▶ _THE TASK_:
Pictures are to be left out. Copy exactly, and only, the lines from the start of the entries below to the line with "2026019627 호 |", both included.

▶ _AVAILABLE DATA_:

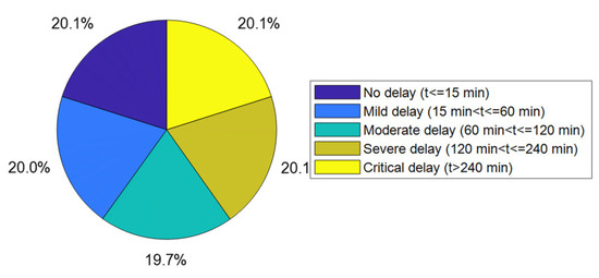 Proportion of flights with different delay levels after imbalance treatment.
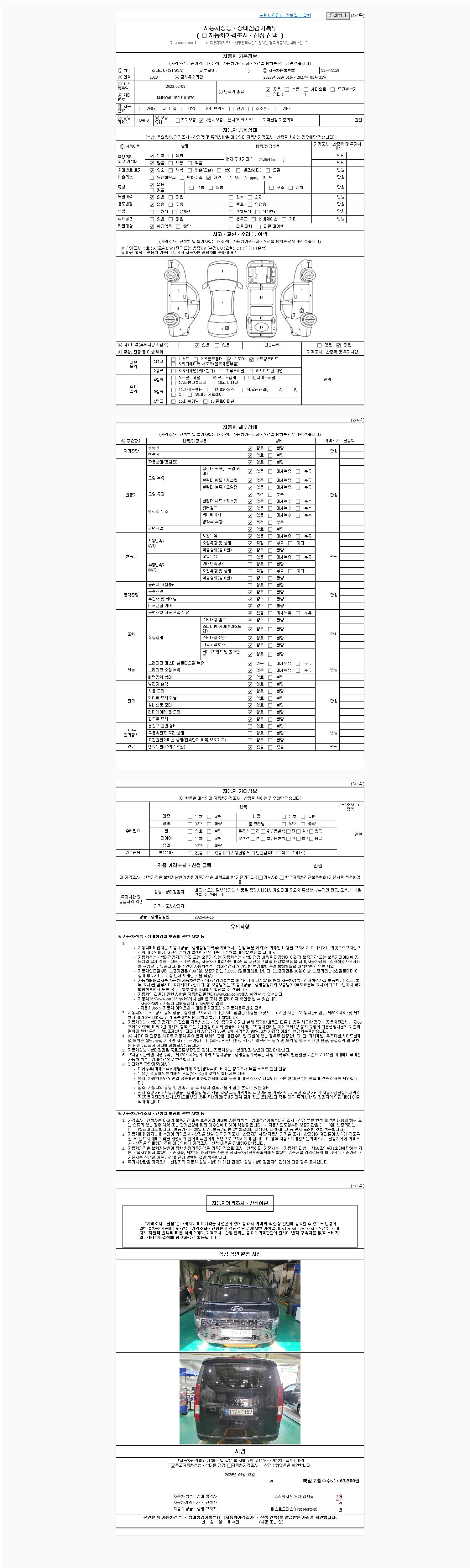 | 주행거리 | 74,039 km | 차량번호 | 117누1159 | 사고유무 | 성능기록부 참조 | 제시번호 | 제 2026019627 호 |
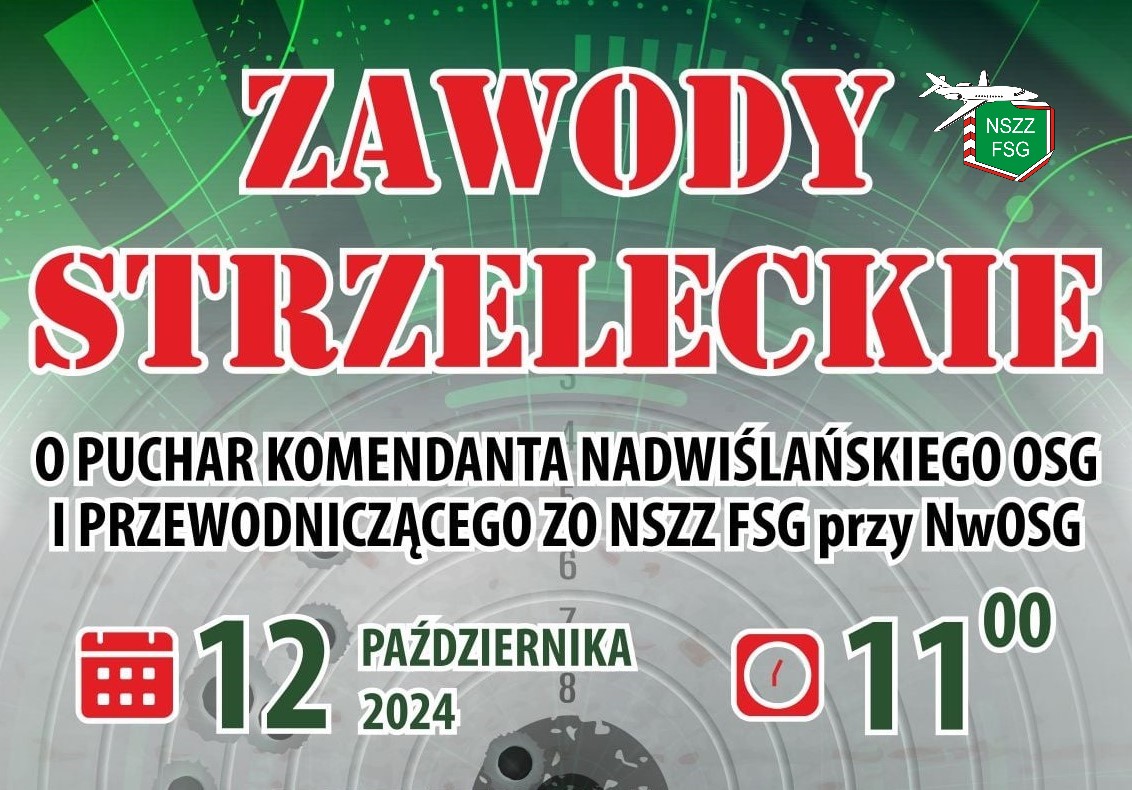 Zapraszamy funkcjonariuszy i pracowników NwOSG na Zawody Strzelecki o Puchar Komendanta Nadwiślańskiego Oddziału Straży Granicznej i Przewodniczącego ZO NSZZ FSG przy NwOSG, które odbędą się 12 października br. na Strzelnicy “9” w Józefowie.
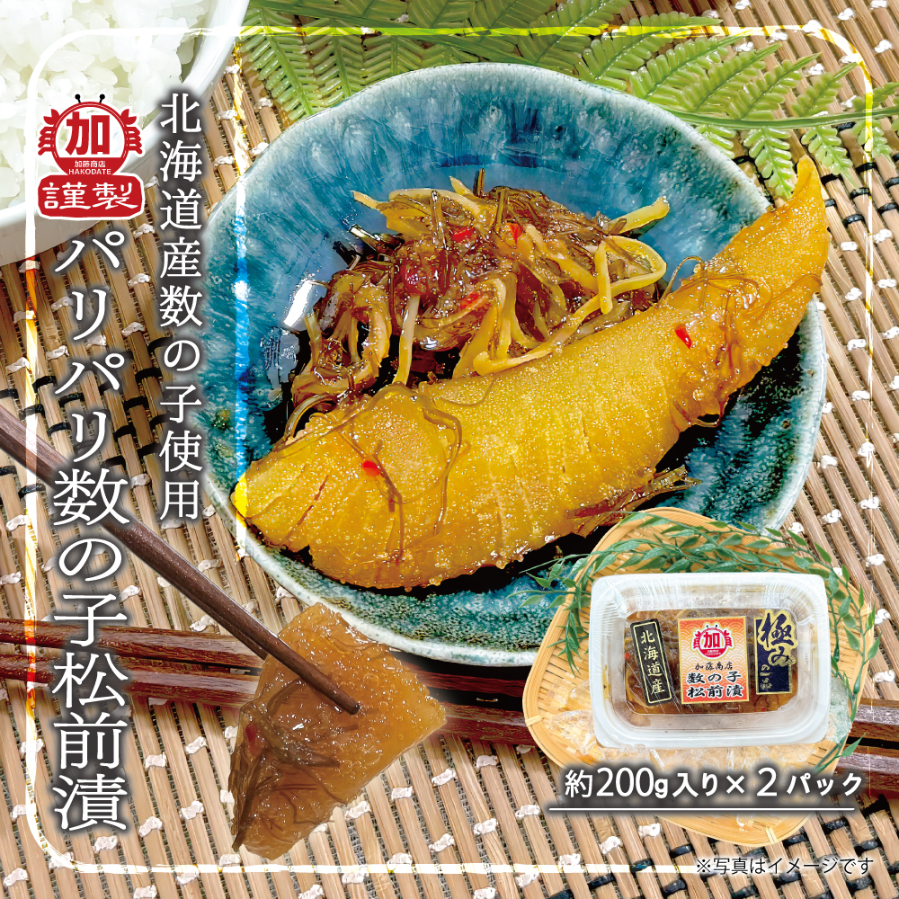原材料名:数の子(北海道産)、カラフトシシャモ卵(アイスランド)、しょうゆ(小麦・大豆を含む)、砂糖、いか加工品、醸造調味料(ぶどう糖、米醸造液、アルコール、発酵調味料、食塩)、昆布、還元水あめ、食塩、リンゴ酢、たん白加水分解物、酵母エキス、赤唐辛子、かつお節粉末、かつおエキス/ソルビット、調味料(アミノ酸等)、酒精、増粘多糖類
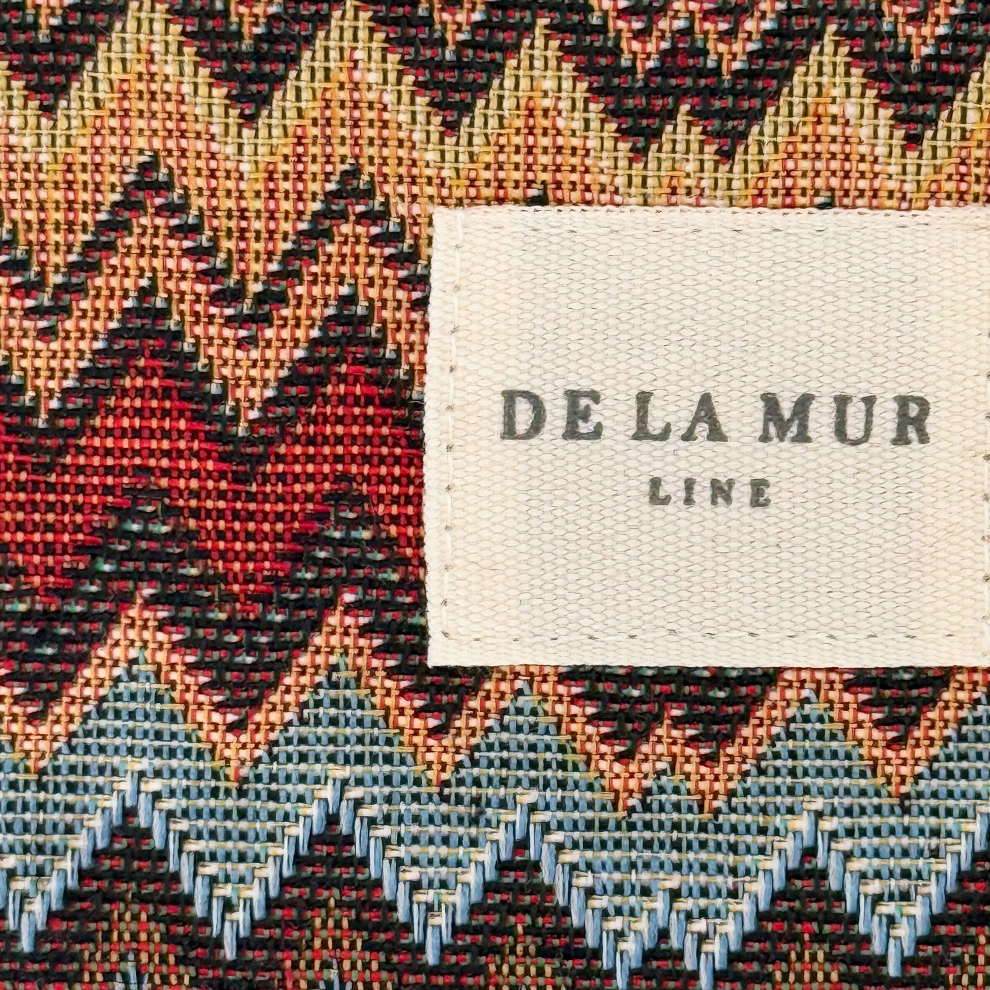 Eyewear case with zipper closure on top and a small beige cord handle on the side. Made from thick jacquard fabric with a multicolor zigzag pattern. Each piece may vary slightly depending on the fabric cut. Lined with thick grey fabric on the inside. Hand wash cold and do not tumble dry. Perfect for keeping your glasses safe. It has ample capacity.
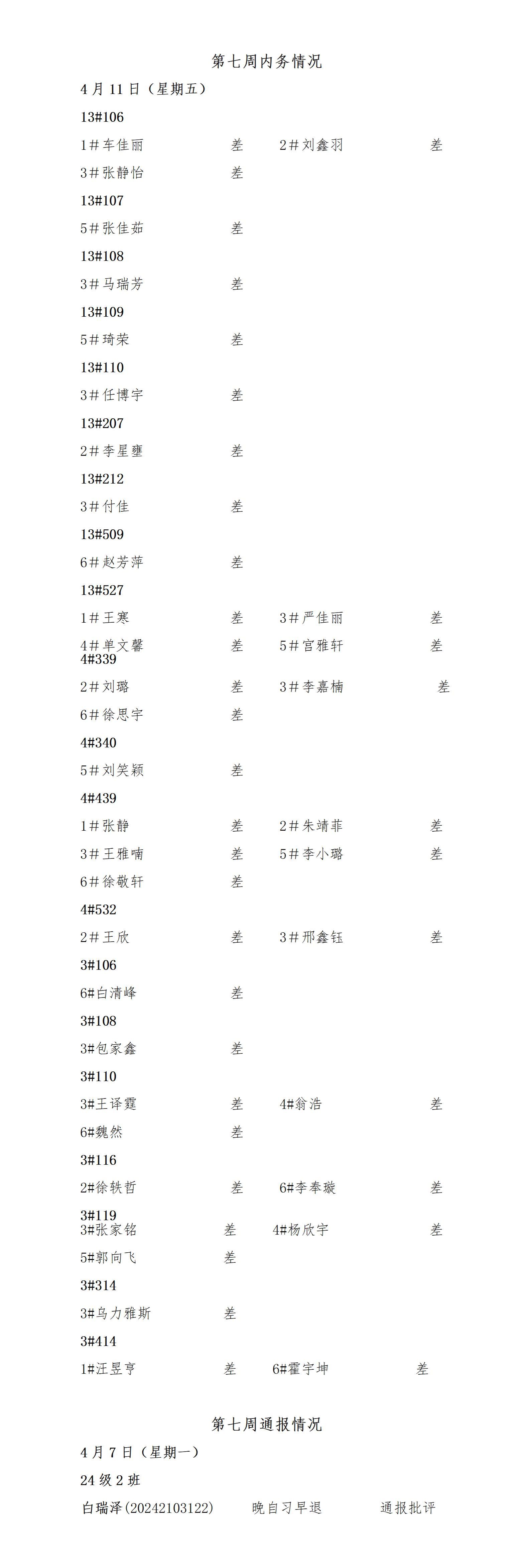yL23411永利集团2024——2025年度第二学期第七周通报情况

▶ _RESPONSE FOR THIS EXERCISE_:
 Proportion of flights with different delay levels after imbalance treatment.
 | 주행거리 | 74,039 km | 차량번호 | 117누1159 | 사고유무 | 성능기록부 참조 | 제시번호 | 제 2026019627 호 |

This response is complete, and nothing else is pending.